Today, if you go into any retail produce department, the bagged salads and other mixes occupy far more space than those heads of lettuce.  And it’s not just about salads. Shoppers can find various kinds of fruits and vegetables cut into a variety of shapes and sold on their own or combined with other products.

Those products do not exist in a vacuum. They are key players in a department known as “produce” that is part of an entity known as a “grocery store” where consumers can find products made from fruit and vegetables in many different forms.  

Over the past two decades, we have focused exclusively on the fresh-cut industry. In the process, we have discovered so many other ways that produce can be processed — and are finding out about new ones all the time.  Many of the issues that affect fresh-cut also affect these other kinds of produce processors, such as food safety, cold chain, packaging, traceability, marketing, government regulations and equipment.
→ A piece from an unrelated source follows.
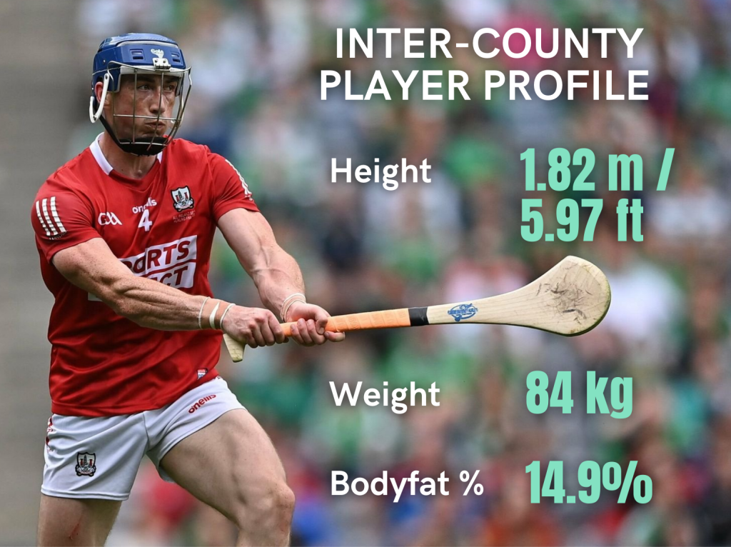 An inter-county player is certainly not a small man. When we aggregate the data of over 650 elite players (albeit with some likely duplicates across studies) we find that the average player stands at 1.82m (a smidge under 6 feet in old money) and weighs in at just over 84kg.Research carried out by Robert Davies and colleagues at the University of Limerick using the gold standard method of DXA found that the average bodyfat percentage of 190 inter-county players (144 hurlers, 46 footballers) was a lean 14.9%.

That’s why we have decided to transform Fresh Cut magazine into a new entity called Produce Processing. We will continue to cover the fresh-cut industry, and place a very high value on it. That won’t change.  What we’re doing is taking a “both/and” approach to all the ways produce can be processed. Think of it as visiting the whole store in search of fruits and vegetables, including the frozen, canned, juice and condiment aisles.

Thanks for all your support of Fresh Cut over the years and watch for the first issue of Produce Processing in January of 2015.